::: Dataset records
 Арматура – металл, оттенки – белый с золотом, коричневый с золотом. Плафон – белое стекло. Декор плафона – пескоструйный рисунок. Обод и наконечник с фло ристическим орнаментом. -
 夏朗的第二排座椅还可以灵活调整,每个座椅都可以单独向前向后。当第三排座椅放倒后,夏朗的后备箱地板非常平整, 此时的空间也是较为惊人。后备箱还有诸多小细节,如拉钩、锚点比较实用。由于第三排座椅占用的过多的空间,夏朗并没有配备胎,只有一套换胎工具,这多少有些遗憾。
::::::
::: Dataset records
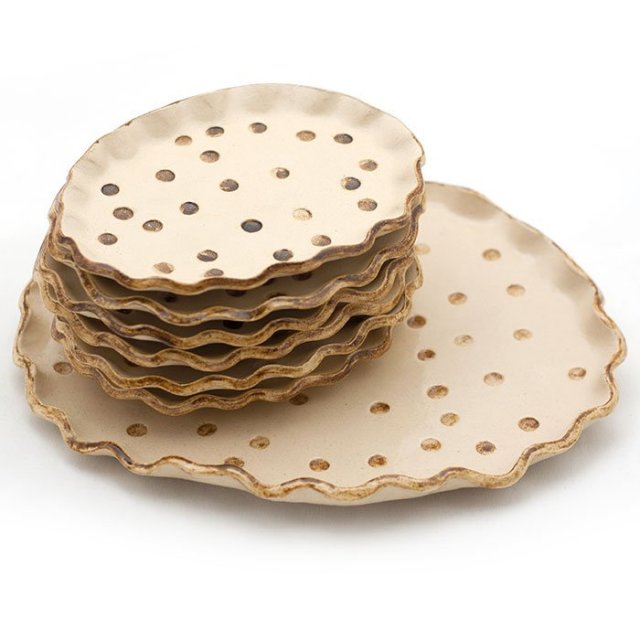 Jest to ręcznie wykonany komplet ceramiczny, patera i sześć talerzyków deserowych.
::::::
::: Dataset records
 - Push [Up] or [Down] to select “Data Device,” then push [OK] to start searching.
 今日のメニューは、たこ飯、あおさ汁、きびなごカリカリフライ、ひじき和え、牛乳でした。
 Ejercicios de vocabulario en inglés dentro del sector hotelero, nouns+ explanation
::::::
- [Directions]
Please copy, exactly and with nothing else, the lines above beginning at the line that has "今日のメニューは、たこ飯、あ" and ending with the line that has "Ejercicios de vocabulario".

- [Task result]
 今日のメニューは、たこ飯、あおさ汁、きびなごカリカリフライ、ひじき和え、牛乳でした。
 Ejercicios de vocabulario en inglés dentro del sector hotelero, nouns+ explanation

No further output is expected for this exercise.